A diversity index is a statistic which is intended to measure the local members of a set consisting of various types of objects. Diversity indices can be used in many fields of study to assess the diversity of any population in which each member belongs to a unique group, type or species. For instance, it is used in ecology to measure biodiversity in an ecosystem, in demography to measure the distribution of population of various demographic groups, in economics to measure the distribution over sectors of economic activity in a region, and in information science to describe the complexity of a set of information.

In measuring human diversity, the diversity index measures the probability that any two residents, chosen at random, would be of different ethnicities. If all residents are of the same ethnic group it's zero. If half are from one group and half from another it's .50.[1]

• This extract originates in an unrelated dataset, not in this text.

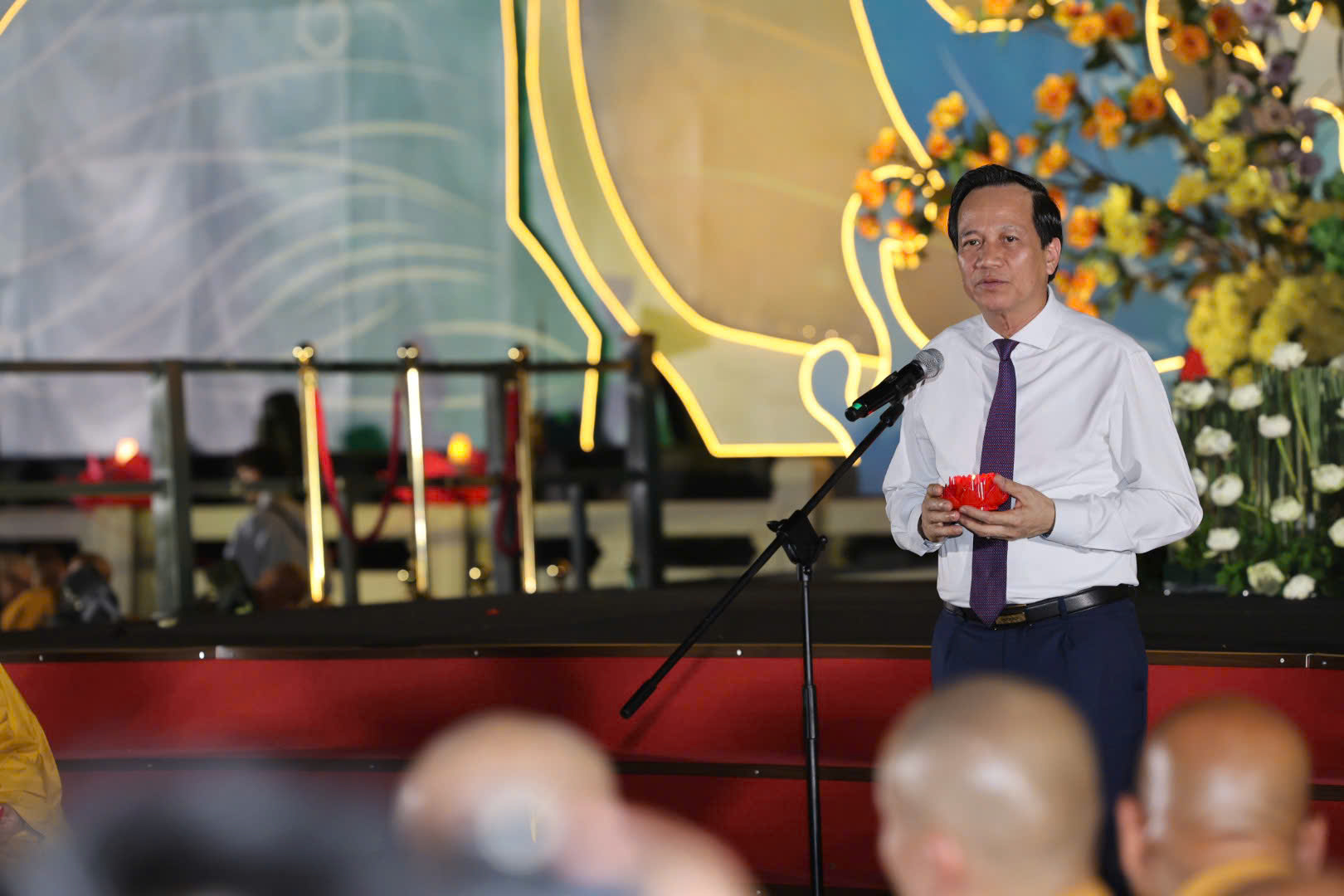 Phát biểu tại buổi lễ, ông Đào Ngọc Dung, Bộ trưởng Bộ Dân tộc và Tôn giáo, bày tỏ niềm xúc động và vinh dự khi được tham dự một nghi lễ thiêng liêng, thấm đẫm tinh thần từ bi và khát vọng hòa bình.

Below, a series of diversity indices is discussed.



Species richness

The species richness S is simply the number of species present in an ecosystem. This index makes no use of relative abundances. In practice, measuring the total species richness in an ecosystem is impossible, except in very depauperate systems. The observed number of species in the system is a biased estimator of the true species richness in the system, and the observed species number increases non-linearly with sampling effort. Thus S, if indicating the observed species richness in an ecosystem, is usually referred to as species density.

Species Evenness

The species evenness is the relative abundance or proportion of individuals among the species.

Concentration ratio

Concentration ratio is a crude indicator of the extent to which a few groups such as species, demographic groups or companies dominate an environment, the total share taken by the top n species or firms. However by itself the concentration ratio does not indicate how much that share is divided between those top n firms or species.

Indices that measure diversity

Simpson's diversity index

If pi is the fraction of all organisms which belong to the i-th species, then Simpson's diversity index is most commonly defined as the statistic

 D = \sum_{i=1}^S p_i^2.

This quantity was introduced by Edward Hugh Simpson in 1949. The Herfindahl index in competition economics is essentially the same.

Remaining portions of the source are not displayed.